** What needs to be done **
From the line holding "在王家庄子村国言风筝厂,挂着" through the line holding "Rueda de nylon" below, write out every line exactly; include both of those lines and drop the pictures.

** Recorded data **
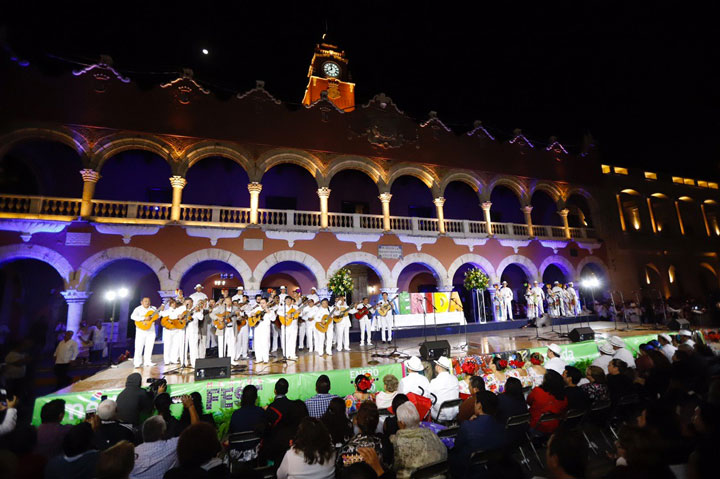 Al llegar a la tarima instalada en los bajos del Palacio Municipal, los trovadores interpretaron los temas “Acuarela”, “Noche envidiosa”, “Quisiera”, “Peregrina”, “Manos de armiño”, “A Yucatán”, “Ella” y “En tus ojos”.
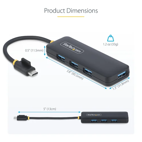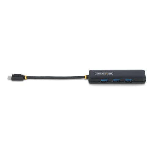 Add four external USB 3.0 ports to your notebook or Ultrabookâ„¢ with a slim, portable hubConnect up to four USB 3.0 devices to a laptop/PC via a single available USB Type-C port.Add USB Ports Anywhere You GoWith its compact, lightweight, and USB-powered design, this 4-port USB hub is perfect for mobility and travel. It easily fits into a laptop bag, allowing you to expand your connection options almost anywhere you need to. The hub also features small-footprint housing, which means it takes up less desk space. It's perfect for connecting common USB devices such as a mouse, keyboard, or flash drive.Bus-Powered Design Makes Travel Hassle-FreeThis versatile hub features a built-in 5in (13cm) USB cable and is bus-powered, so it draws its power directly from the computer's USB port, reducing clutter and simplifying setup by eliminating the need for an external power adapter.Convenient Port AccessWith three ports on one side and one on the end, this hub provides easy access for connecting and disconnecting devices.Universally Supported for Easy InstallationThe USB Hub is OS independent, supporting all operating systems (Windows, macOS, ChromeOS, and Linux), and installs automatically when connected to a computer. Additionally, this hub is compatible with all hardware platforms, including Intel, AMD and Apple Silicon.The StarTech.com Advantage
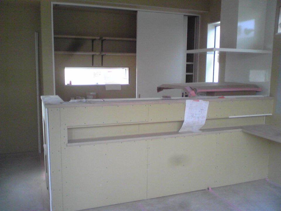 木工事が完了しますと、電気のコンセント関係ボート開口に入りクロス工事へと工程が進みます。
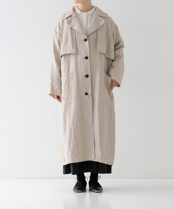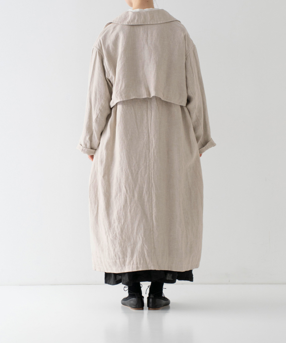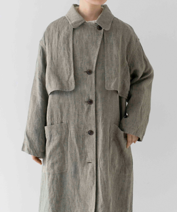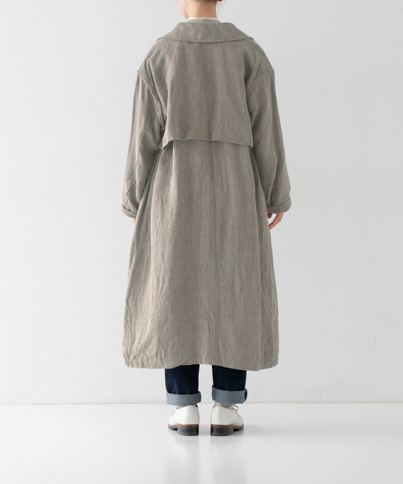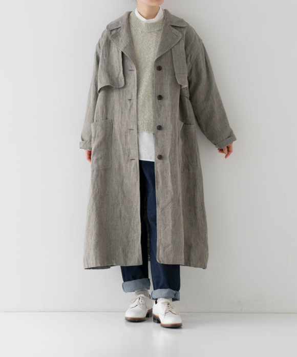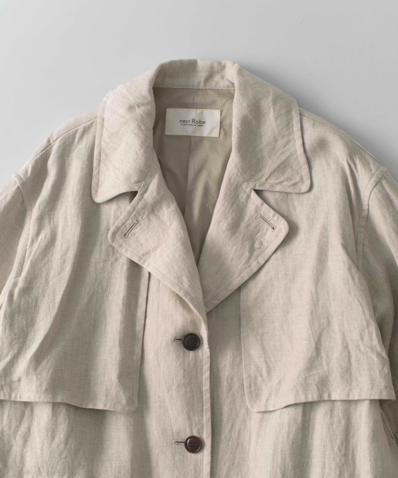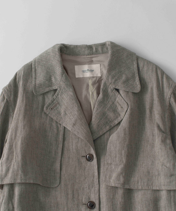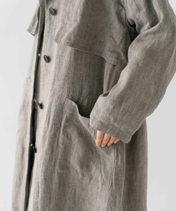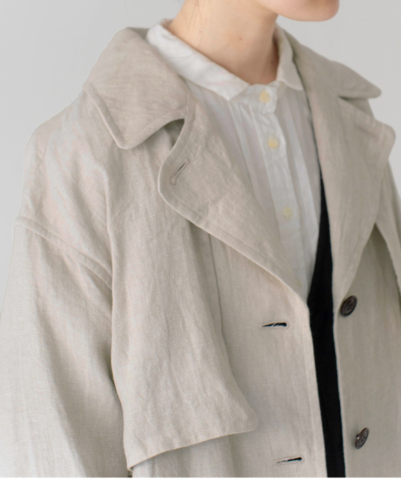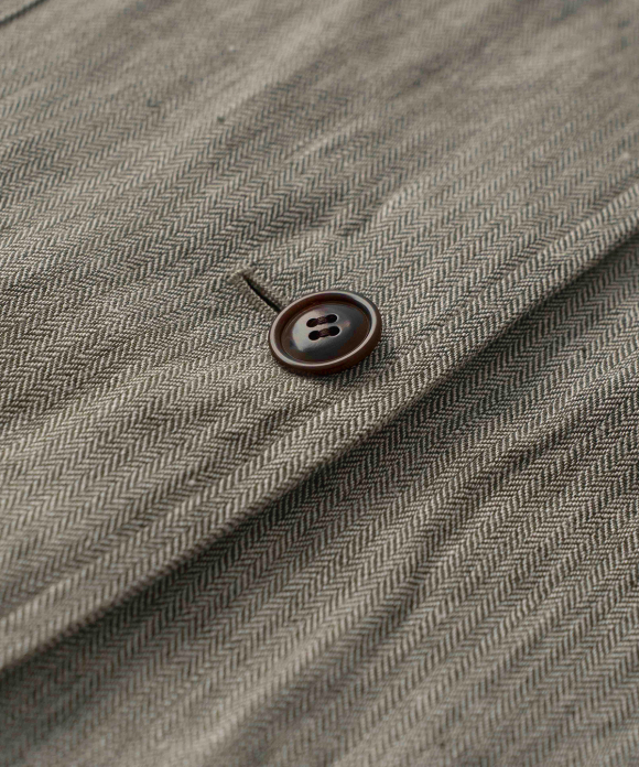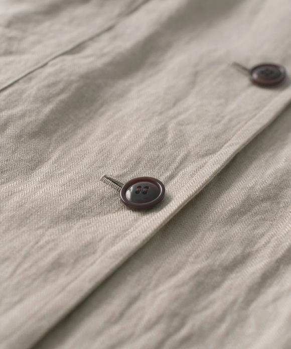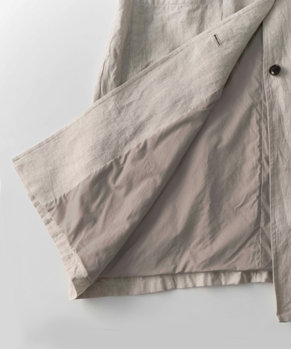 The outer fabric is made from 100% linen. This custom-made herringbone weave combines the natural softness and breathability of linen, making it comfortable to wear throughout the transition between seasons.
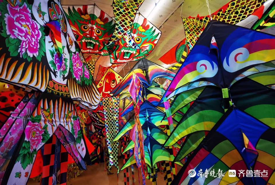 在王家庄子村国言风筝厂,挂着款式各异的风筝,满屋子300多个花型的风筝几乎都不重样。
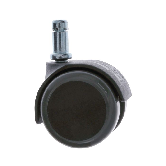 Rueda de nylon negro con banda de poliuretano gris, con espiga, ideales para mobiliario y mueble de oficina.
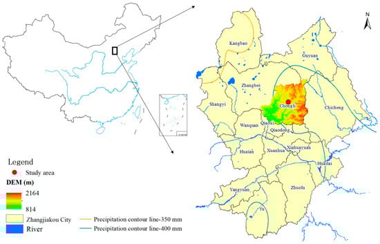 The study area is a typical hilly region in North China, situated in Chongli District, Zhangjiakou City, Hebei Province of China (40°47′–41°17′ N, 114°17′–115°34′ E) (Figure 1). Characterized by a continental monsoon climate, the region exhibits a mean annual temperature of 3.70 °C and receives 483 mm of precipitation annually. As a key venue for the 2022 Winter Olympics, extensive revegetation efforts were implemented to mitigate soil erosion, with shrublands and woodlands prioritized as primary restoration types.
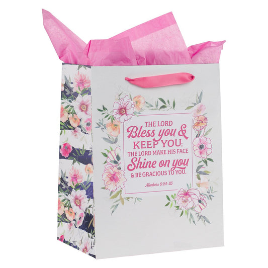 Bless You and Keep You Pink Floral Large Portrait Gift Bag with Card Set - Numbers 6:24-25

** Task response **
 在王家庄子村国言风筝厂,挂着款式各异的风筝,满屋子300多个花型的风筝几乎都不重样。
 Rueda de nylon negro con banda de poliuretano gris, con espiga, ideales para mobiliario y mueble de oficina.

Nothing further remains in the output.